_Records for the exercise_.
● ● ● ● ●

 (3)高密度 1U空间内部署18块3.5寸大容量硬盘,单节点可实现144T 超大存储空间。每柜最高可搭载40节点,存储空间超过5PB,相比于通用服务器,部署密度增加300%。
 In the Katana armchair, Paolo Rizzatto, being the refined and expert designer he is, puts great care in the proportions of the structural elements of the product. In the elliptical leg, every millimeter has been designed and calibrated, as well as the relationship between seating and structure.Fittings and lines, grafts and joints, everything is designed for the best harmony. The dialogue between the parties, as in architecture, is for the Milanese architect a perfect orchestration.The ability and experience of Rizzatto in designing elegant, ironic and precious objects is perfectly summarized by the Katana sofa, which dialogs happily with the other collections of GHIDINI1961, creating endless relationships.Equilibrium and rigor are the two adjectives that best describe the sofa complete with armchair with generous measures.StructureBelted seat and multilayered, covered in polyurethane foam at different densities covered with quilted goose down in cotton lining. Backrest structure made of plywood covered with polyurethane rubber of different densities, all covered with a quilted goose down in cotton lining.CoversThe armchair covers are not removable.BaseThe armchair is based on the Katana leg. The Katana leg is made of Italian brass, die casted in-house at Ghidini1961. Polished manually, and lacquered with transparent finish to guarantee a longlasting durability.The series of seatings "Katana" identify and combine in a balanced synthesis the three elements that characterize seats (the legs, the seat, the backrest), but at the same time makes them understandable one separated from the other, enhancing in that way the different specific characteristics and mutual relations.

● ● ● ● ●

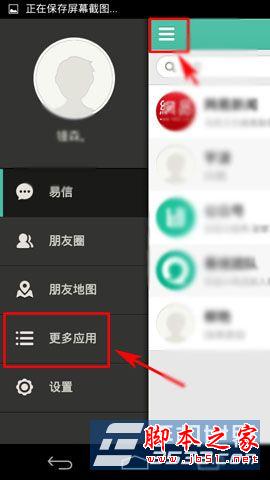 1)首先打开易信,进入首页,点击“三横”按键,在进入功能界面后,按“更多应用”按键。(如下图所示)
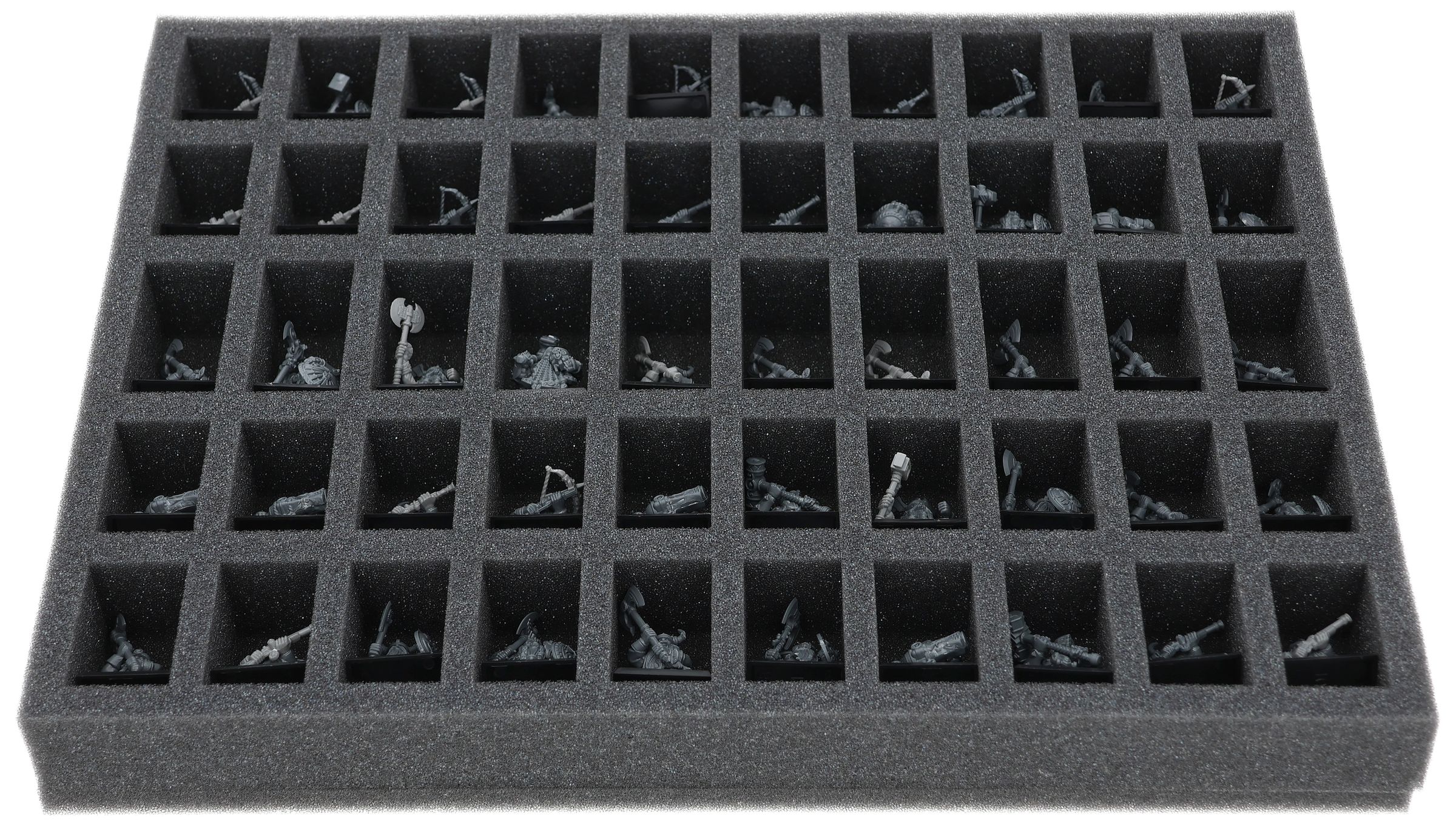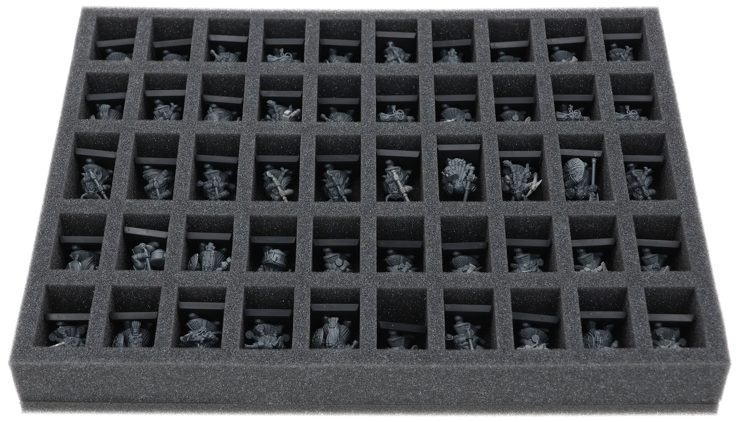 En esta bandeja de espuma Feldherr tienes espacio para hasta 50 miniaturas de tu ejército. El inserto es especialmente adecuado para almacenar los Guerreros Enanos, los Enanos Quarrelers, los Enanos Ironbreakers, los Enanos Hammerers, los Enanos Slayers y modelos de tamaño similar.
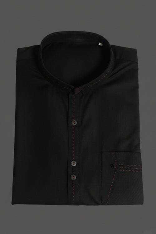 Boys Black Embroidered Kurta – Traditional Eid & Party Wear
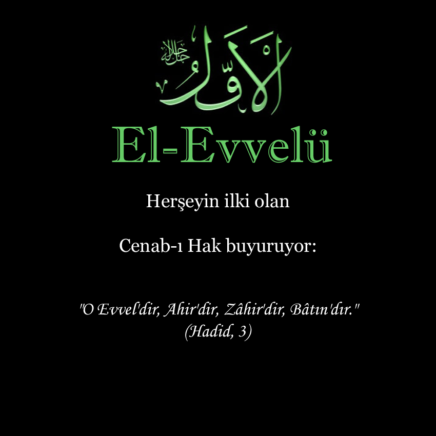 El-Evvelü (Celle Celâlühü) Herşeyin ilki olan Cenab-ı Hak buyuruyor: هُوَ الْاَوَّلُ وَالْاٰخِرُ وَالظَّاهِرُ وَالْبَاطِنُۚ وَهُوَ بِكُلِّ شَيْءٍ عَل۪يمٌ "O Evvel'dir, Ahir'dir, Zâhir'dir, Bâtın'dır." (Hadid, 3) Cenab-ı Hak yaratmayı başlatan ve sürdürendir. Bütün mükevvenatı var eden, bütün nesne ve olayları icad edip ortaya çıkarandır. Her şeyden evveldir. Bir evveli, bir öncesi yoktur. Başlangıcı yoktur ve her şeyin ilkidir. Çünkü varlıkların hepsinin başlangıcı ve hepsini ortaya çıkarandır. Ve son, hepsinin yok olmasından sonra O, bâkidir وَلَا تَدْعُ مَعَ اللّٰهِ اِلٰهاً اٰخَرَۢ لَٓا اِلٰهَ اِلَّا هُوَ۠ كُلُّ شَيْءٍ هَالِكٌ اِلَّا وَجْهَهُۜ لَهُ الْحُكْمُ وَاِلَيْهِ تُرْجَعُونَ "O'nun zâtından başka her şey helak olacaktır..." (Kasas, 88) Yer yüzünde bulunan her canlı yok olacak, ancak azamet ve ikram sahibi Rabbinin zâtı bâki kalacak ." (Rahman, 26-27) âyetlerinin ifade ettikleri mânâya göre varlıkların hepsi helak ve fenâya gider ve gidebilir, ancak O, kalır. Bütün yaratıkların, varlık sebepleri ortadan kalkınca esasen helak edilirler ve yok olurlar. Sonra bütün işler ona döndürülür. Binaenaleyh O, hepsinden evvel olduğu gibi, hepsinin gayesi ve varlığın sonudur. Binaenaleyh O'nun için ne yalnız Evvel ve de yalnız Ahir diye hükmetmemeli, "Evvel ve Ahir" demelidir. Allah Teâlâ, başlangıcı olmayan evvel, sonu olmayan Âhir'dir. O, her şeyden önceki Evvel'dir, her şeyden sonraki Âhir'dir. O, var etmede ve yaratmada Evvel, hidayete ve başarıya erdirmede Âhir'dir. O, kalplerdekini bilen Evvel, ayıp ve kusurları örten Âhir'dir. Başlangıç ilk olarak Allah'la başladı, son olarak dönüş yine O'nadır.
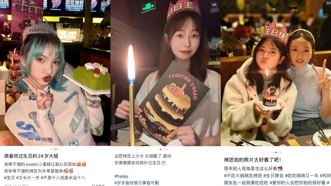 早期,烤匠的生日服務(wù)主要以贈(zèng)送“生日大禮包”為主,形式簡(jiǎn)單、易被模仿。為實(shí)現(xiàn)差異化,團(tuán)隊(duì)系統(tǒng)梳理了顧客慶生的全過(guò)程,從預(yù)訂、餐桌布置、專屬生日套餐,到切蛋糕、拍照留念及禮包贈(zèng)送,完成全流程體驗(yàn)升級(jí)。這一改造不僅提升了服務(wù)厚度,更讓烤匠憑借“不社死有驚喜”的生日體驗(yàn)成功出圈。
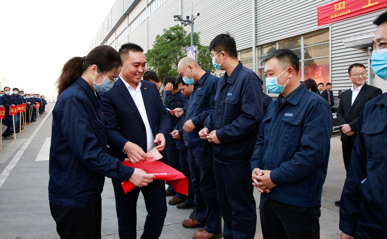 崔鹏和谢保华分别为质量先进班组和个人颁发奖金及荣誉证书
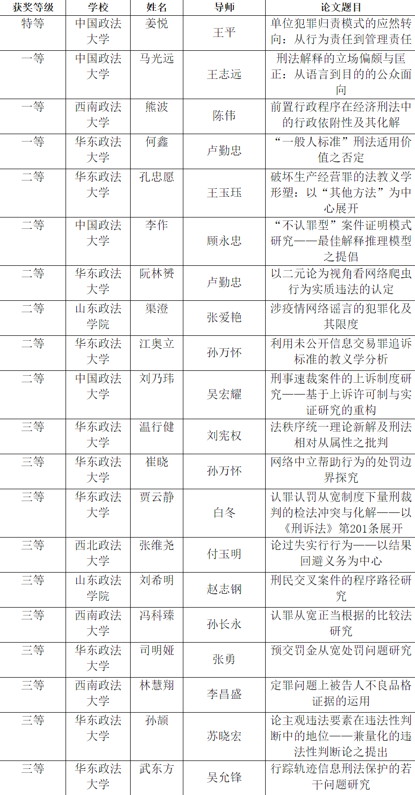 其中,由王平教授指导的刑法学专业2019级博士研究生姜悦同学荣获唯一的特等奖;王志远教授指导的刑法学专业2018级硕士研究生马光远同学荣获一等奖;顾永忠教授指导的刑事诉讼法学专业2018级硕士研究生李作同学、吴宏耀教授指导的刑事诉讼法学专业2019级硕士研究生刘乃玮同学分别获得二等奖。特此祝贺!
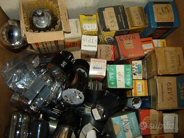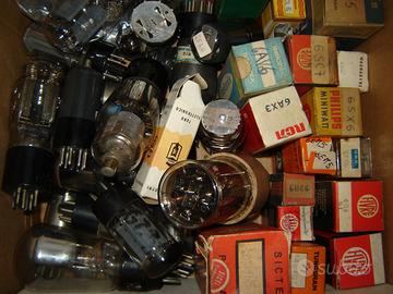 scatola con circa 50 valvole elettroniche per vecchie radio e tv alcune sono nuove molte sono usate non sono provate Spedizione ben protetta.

● ● ● ● ●

_Required work_. Exact repeat of the material above: every line from the one with "其中,由王平教授指导的刑法学" through the one with "scatola con circa", endpoints included, and nothing more. No pictures.

_Solution_.
 其中,由王平教授指导的刑法学专业2019级博士研究生姜悦同学荣获唯一的特等奖;王志远教授指导的刑法学专业2018级硕士研究生马光远同学荣获一等奖;顾永忠教授指导的刑事诉讼法学专业2018级硕士研究生李作同学、吴宏耀教授指导的刑事诉讼法学专业2019级硕士研究生刘乃玮同学分别获得二等奖。特此祝贺!
 scatola con circa 50 valvole elettroniche per vecchie radio e tv alcune sono nuove molte sono usate non sono provate Spedizione ben protetta.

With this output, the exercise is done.